====== Stored data
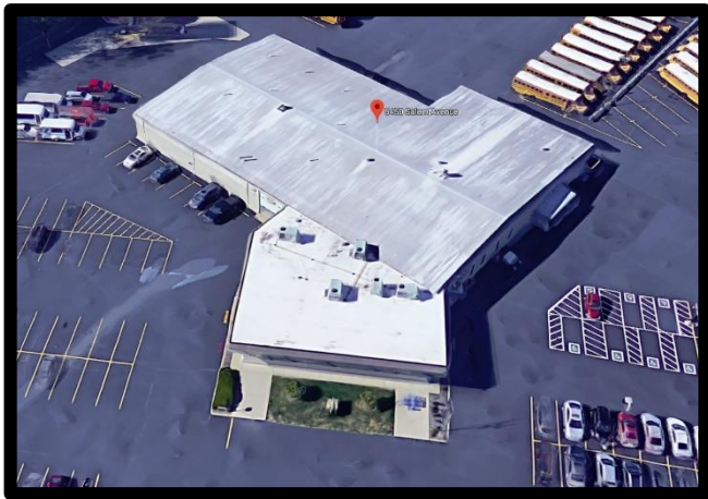
Driving Academy (Branch Campus)
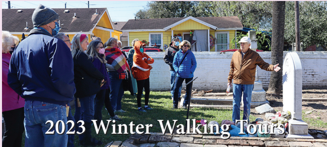
2023 Winter Walking Tours
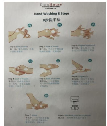
Our Hand Washing 8 Steps 我们的八步洗手法
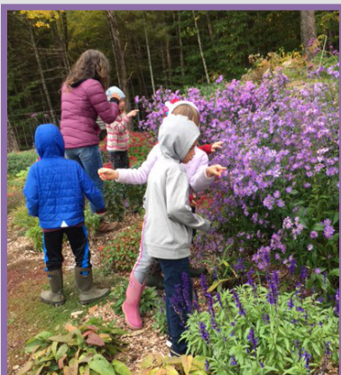
Children participate in the Bugapalooza event cosponsored by The Grapevine & The Harris Center
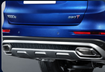
Dual Exhaust with Chrome Platted
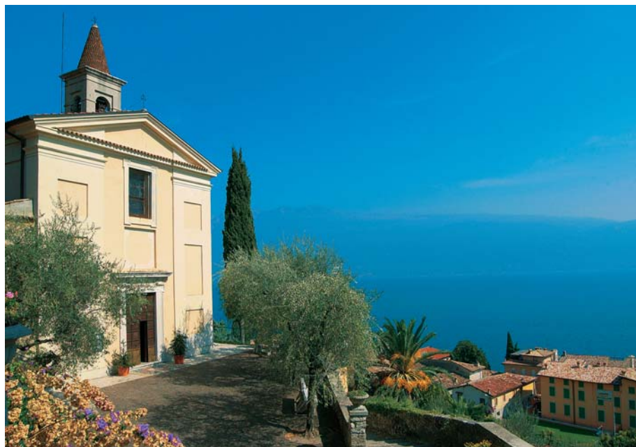
Villa - Chiesa di S. Tommaso
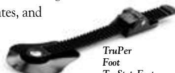
TruPer Foot TruStep Foot Summit Lock
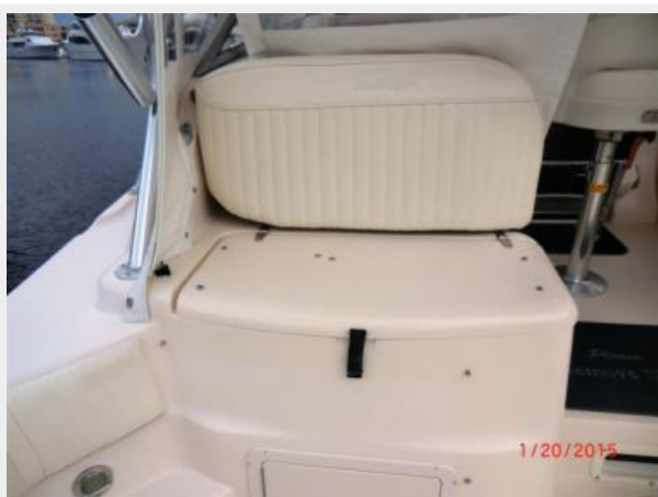
Cockpit Port Aft Facing Set
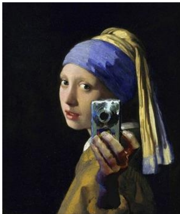
Vermeer's 'Girl with a Pearl Earring' takes a Selfie
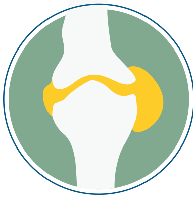
Caused by uric acid build-up in the joints
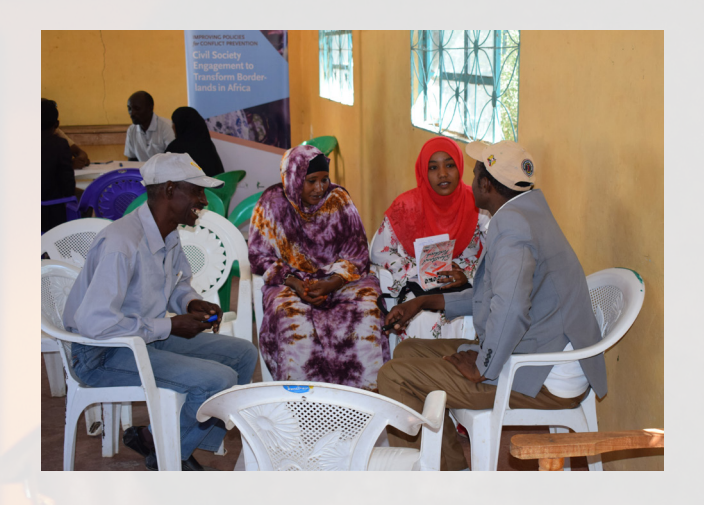
Cross-border collaboration coaition at the Busia -Uganda border
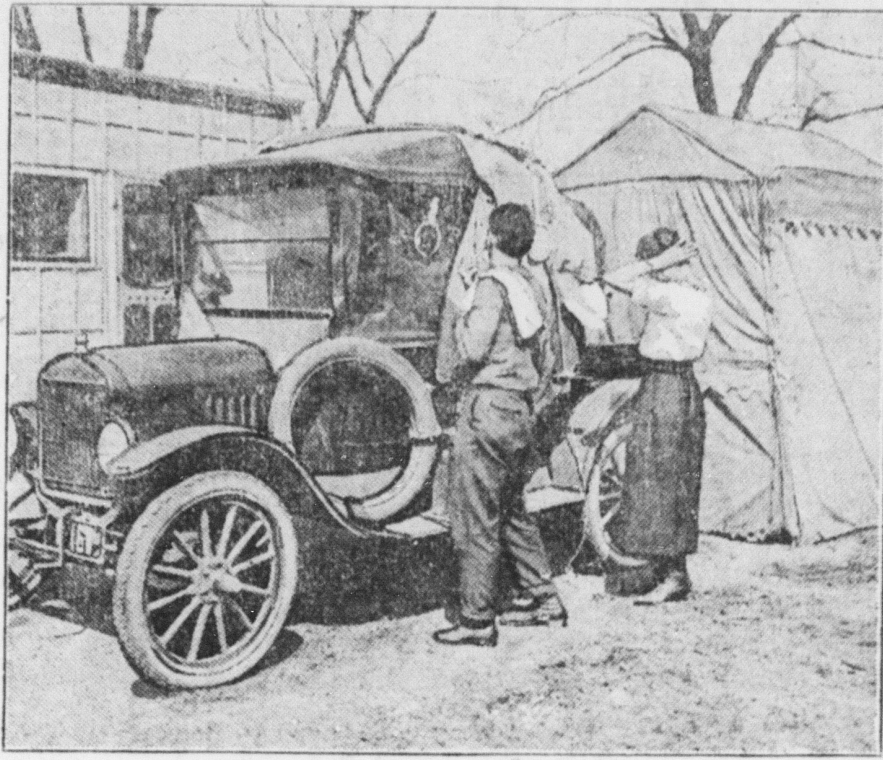
The Morning Toilet in "Tin Can Camp."

The question, "What shall we eat, and what shall we wear, on our camping trip?" is answered in a bulletin issued by the touring bureau of the Chicago Motor club.
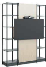
5-High Media Tower (External Mount)
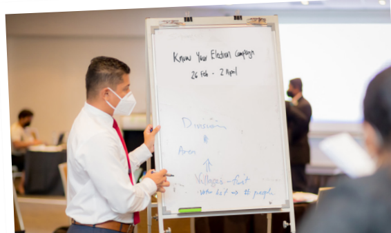
FEO team members during their 2022 General Election Planning Workshop in September.
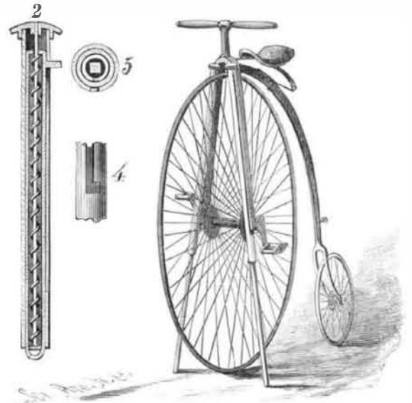
MORGAN'S BICYCLE LEG.

The annexed engraving shows a simple device—the invention of Mr. John F. Morgan, of 82 Munroe Street, Lynn, Mass.—for holding the bicycle erect when it is at a standstill. On each shank of the fork is secured a tubular casing, Figs. 2 and 3, closed at the top by a loose cap. At the outer side part of each casing is a longitudinal slot, having a notch at its lower end extending toward the rear, as indicated in Fig. 4. Within the casing is a sliding tubular leg extension, formed with a lug projecting through the slot. A square rod projects from the cap down through the center of the casing and through a square aperture
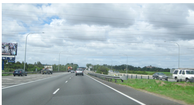
Illustrations 21 - 23: Character images of the Salt Pan Creek Floodplain precinct: the view west, view north over the floodplain and adjacent industrial area, the expansive view east
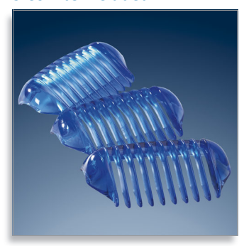
3 combs provide different fixed length settings of 3, 5 and 7 mm for safe and easy trimming of all body
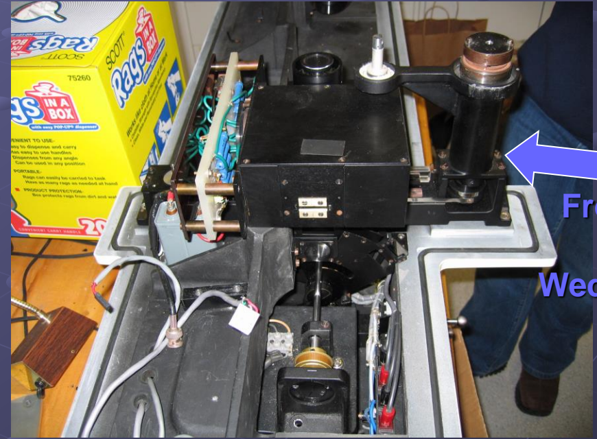
Front of Wedge

Orient yourself with the front and the back of the Wedge
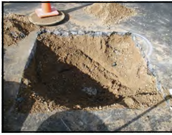
Expose the manhole
============
**What is expected**.
In the listing above, find the line with "Our Hand Washing 8 Steps 我们的八步洗手法" and the line with "Cockpit Port Aft Facing Set". Output both, plus every line between them, and no pictures.

**The completed task**.
Our Hand Washing 8 Steps 我们的八步洗手法
Children participate in the Bugapalooza event cosponsored by The Grapevine & The Harris Center
Dual Exhaust with Chrome Platted
Villa - Chiesa di S. Tommaso
TruPer Foot TruStep Foot Summit Lock
Cockpit Port Aft Facing Set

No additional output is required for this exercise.